Historic district in Wisconsin, United States

The Walker's Point Historic District is a mixed working-class neighborhood of homes, stores, churches and factories in Milwaukee, Wisconsin, with surviving buildings as old as 1849, including remnants of the Philip Best Brewery and the Pfister and Vogel Tannery. In 1978 it was added to the National Register of Historic Places. The NRHP nomination points out that Walker's Point was "the only part of Milwaukee's three original Settlements to reach the last quarter of the Twentieth Century with its Nineteenth and early-Twentieth Century fabric still largely intact," and ventures that "For something similar, one would have to travel to Cleveland or St. Louis if, indeed, so cohesive and broad a grouping of...structures still exists even in those cities."

==History==
In 1833 George Walker arrived from Illinois to the wild country that would become Milwaukee. In 1834 he staked a claim to 160 acres on the point of land south of the confluence of the Milwaukee and Menomonee Rivers, and built a crude cabin and trading post at what is now the east side of Fourth Street where it meets Bruce. He chose this point on a low ridge because much of the land around was lower and marshy. The ridge itself was covered with hawthorn and hazelnut bushes, and was traversed by two Indian paths heading for the river. A village of Potawatomi lived nearby, near where Sixth Street and National Avenue now meet.
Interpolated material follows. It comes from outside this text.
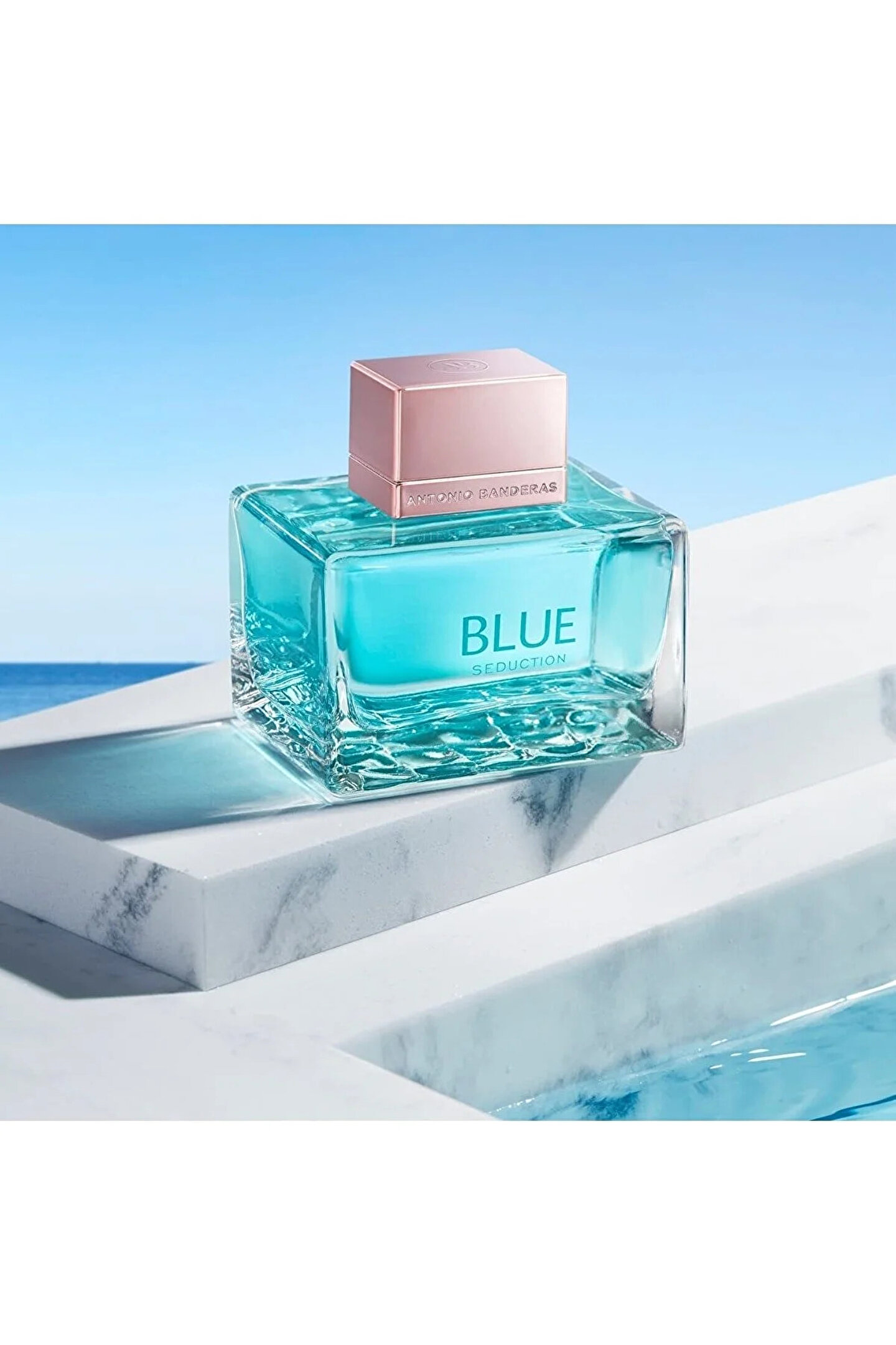Blue Seduction Edt 80ml Blue Seduction muhteşem turkuaz rengi ve benzersiz kokusuyla size yaz günlerini yaşatacak.; Kavun, bergamot, armut ve menekşe yapraklarıyla meyveli bir açılış yapan Antonio Banderas Blue Seduction, denizin kıvrılan dalgaları gibi serin ve ferah bir parfüm.; Orta notalarında ise şakayık, gardenya, yasemin ve inci çiçeğinin karışımı tropik bir esinti yaratan kocaman bir beyaz buketle karşılayacak.; Parfüm dip notalarında misk, paçuli ve aselbent ile derinlik ve tensellik kazanıyor.

Walker may have been the first settler south of the rivers, but Solomon Juneau had been fur-trading nearby, east of the Milwaukee River, since 1819. By the 1830s the settlement around his trading post was growing into 'Juneautown.' Also in the 1830s, Byron Kilbourn started a competing town on the west side of the Milwaukee River, 'Kilbourntown.' Walker's Point developed more slowly than the other two settlements, not even platted until 1842. Nevertheless, 1,366 people lived there by 1846 when the three settlements were joined into the City of Milwaukee.

By 1855 the Walker's Point contained 3,843 people, with 3,017 of those immigrants. The majority were German immigrants, but also significant numbers of Scandinavians and Irish. These were supplemented by Polish immigrants in the 1870s and 80s.
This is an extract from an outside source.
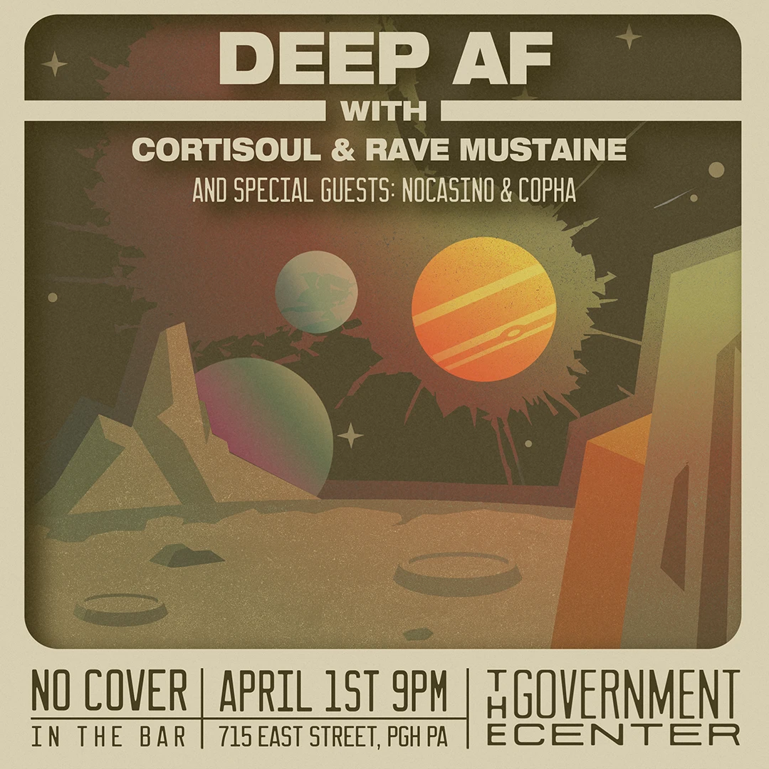 Deep AF with Cortisoul & Rave Mustaine A Celebration of Deep House Jams - First Weds of the Month! Club Night Wednesday, April 1, 2026 at 9:00 PM - 2:00 AM The Government Center 21+ Copha Nocasino Rave Mustaine +1 more Deep House House Part of Deep AF w/ Rave Mustaine

The first brewery opened in 1841. The large Philip Best Brewing Co. (which became Pabst) opened later, as did the Pfister and Vogel leather tannery. After WWI the industries were "four steamship warehouses, two storage warehouses, three grain elevators, fourteen coal receiving yards, twelve lumber yards, one wool post and wire yard, four tanneries, three salt warehouses, three meat packing plants, and a variety of other minor manufacturing establishments."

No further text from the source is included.